Edit: I truly don't understand why I'm getting downvoted for this. LLMs are actually relatively good at summarizing small, low-context-necessary pieces of information into bullet points. They're quite literally made as code that interprets the likelihood of text based on an input. Giving it a small amount of text to rewrite or recontextualize is one of its best strengths. That's why it was originally mostly implemented as a tool to reword small isolated sections in articles, emails, and papers, before the technology was improved.

It's when they get to larger pieces of information, like meetings, books, wikipedia articles, etc, that they begin to break down, due to the nature of the technology itself. (context windows, lack of external resources that humans are able to integrate into their writing, but LLMs can't fully incorporate on the same level)

[–] jjjalljs@ttrpg.network 7 points 2 weeks ago (1 children)

But if the text you're working on is small, you could just do it yourself.
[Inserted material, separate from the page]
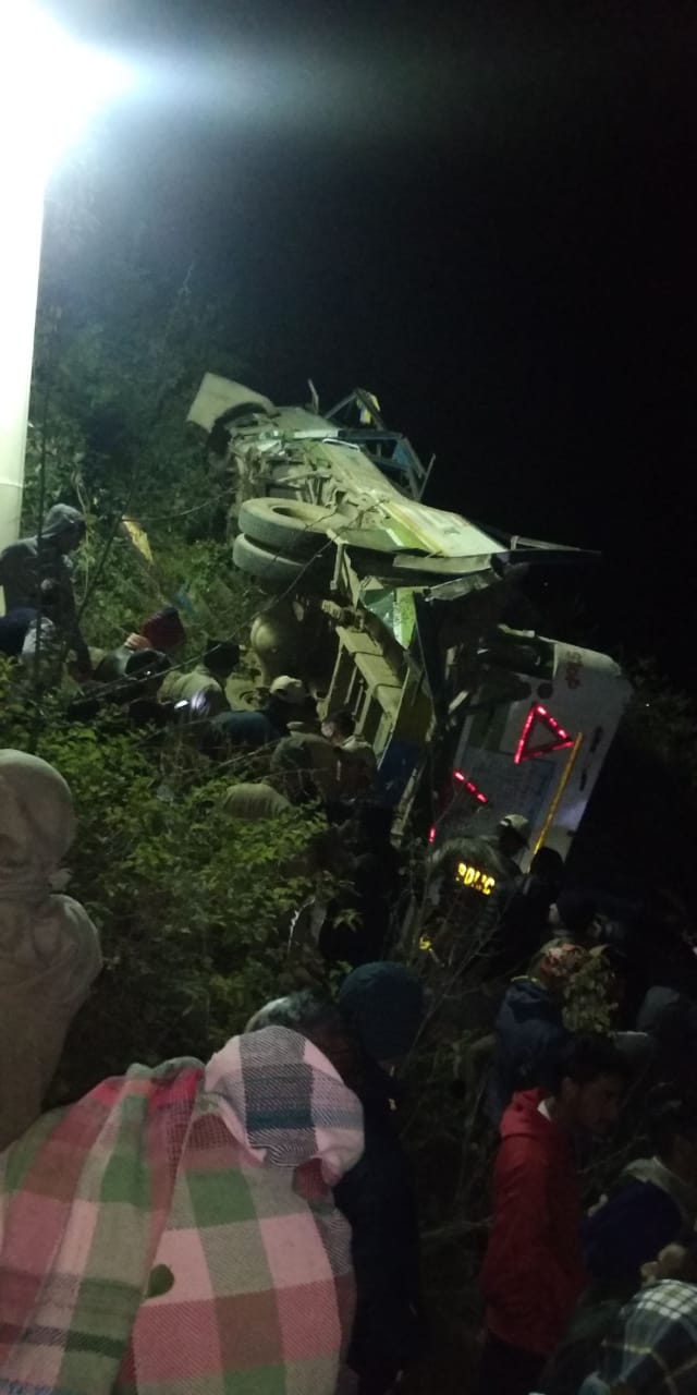 हिमाचल पथ परिवहन निगम की एक बस बुधवार देर शाम दुर्घटनाग्रस्त हो गई जिसमें दो व्यक्तियों की मौत हो गई जबकि 25 घायल हुए हैं यह नालागढ़ डिपू की यह बस जय नगर रूट पर जा रही थी । घायलों को स्थानीय लोगों की मदद से क्षेत्र अस्पताल बिलासपुर में भर्ती करवाया गया है । गंभीर रूप से घायल तीन व्यक्तियों को पीजीआई चंडीगढ़ रेफर कर दिया गया है। बताया जाता है कि यह बस जैसे ही जामली से 2 किलोमीटर आगे पहुंची कि सड़क से अनियंत्रित होकर गहरी खाई में जा गिरी । बस हादसे में एक महिला ने मौके पर ही दम तोड़ दिया जबकि दूसरे गंभीर रूप से घायल व्यक्ति की मौत क्षेत्रीय अस्पताल में हुई है । हादसे के उपरांत अंधेरा होने के कारण घायलों को सड़क तक पहुंचाने में लोगों को काफी मेहनत करनी पड़ी। घटना की सूचना मिलते ही एसपी अशोक कुमार अपने दलबल सहित घटनास्थल की ओर रवाना हुए। वहां जाकर उन्होंने सारी व्यवस्था को देखा । स्वारघाट से एसडीएम अनिल चौहान भी मौके पर पहुंचे थे । इसके अलावा पुलिस और 108 की टीम भी लोगों के साथ घायलों को बाहर निकालने में मदद करती रही । हादसे के कारणों का पता नहीं चल पाया है । उधर नैना देवी के विधायक रामलाल ठाकुर, सदर के विधायक सुभाष ठाकुर, झंडूता के विधायक जीत राम कटवाल तथा घुमारवीं के विधायक राजेंद्र गर्ग के अलावा हिमाचल प्रदेश भाजपा के मुख्य प्रवक्ता तथा पूर्व विधायक रणधीर शर्मा ने इस दुर्घटना पर गहरा शोक प्रकट किया है। रणधीर शर्मा ने देर रात क्षेत्रीय अस्पताल बिलासपुर जाकर घायलों का कुशल क्षेम पूछा उपायुक्त बिलासपुर विवेक भाटिया ने क्षेत्रीय अस्पताल जाकर व्यवस्थाओं का जायजा लिया और अस्पताल प्रशासन को घायलों की उचित देखभाल करने के निर्देश दिए। केंद्रीय स्वास्थ्य मंत्री जय प्रकाश नड्डा ने भी इस दुर्घटना पर दुख व्यक्त किया है और पीजीआई को हरसंभव सहायता उपलब्ध करवाने के लिए अलर्ट कर दिया है उन्होंने देर रात बिलासपुर में उपायुक्त विवेक भाटिया से बात की और राहत कार्यों के बारे में जानकारी ली
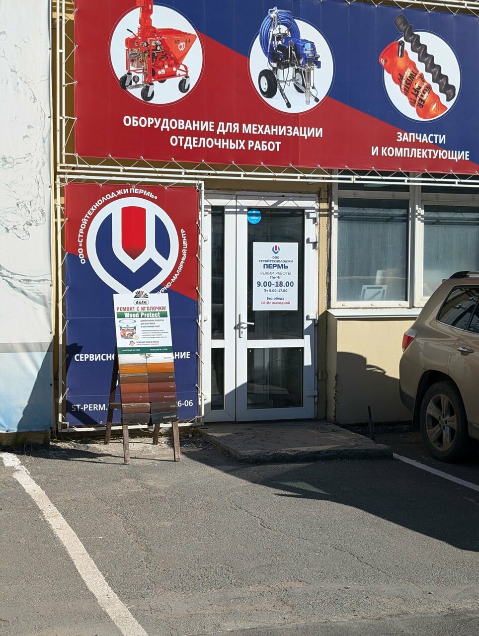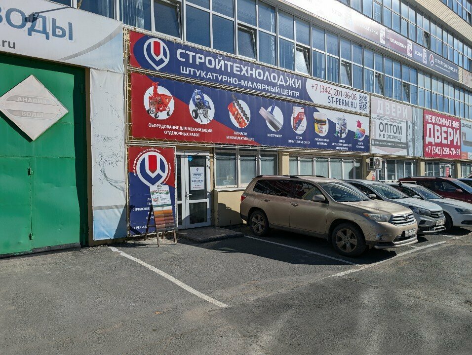 Стройтехнолоджи — строительный магазин в Перми, расположенный по адресу: ул. Героев Хасана, 105, корп. 70. Предлагает широкий ассортимент строительных материалов, инструментов и товаров для ремонта, включая колеровку и аренду инструмента. Режим работы: пн-чт 09:00–18:00, пт 09:00–17:00. Контакты: +7 (342) 201-96-06, сайт: (http://www.st-perm.ru/).

You don't need an expensive guessing machine.

Like, if I built a rube-goldberg machine using twenty rubber ducks, a diesel engine, and a blender to tie my shoes, and it gets it right most of the time, that's impressive. but also kind of a stupid waste, because I could've just tied them with my hands.

[–] ArchRecord@lemm.ee 1 points 2 weeks ago

you could just do it yourself.

Personally, I think that wholly depends on the context.

For example, if someone's having part of their email rewritten because they feel the tone was a bit off, they're usually doing that because their own attempts to do so weren't working for them, and they wanted a secondary... not exactly opinion, since it's a machine obviously, but at least an attempt that's outside whatever their brain might currently be locked into trying to do.

I know I've gotten stuck for way too long wondering why my writing felt so off, only to have someone give me a quick suggestion that cleared it all up, so I can see how this would be helpful, while also not always being something they can easily or quickly do themselves.

Also, there are legitimately just many use cases for applications using LLMs to parse small pieces of data on behalf of an application better than simple regex equations, for instance.

For example, Linkwarden, a popular open source link management software, (on an opt-in basis) uses LLMs to just automatically tag your links based on the contents of the page. When I'm importing thousands of bookmarks for the first time, even though each individual task is short to do, in terms of just looking at the link and assigning the proper tags, and is not something that takes significant mental effort on its own, I don't want to do that thousands of times if the LLM will get it done much faster with accuracy that's good enough for my use case.

I can definitely agree with you in a broader sense though, since at this point I've seen people write 2 sentence emails and short comments using AI before, using prompts even longer than the output, and that I can 100% agree is entirely pointless.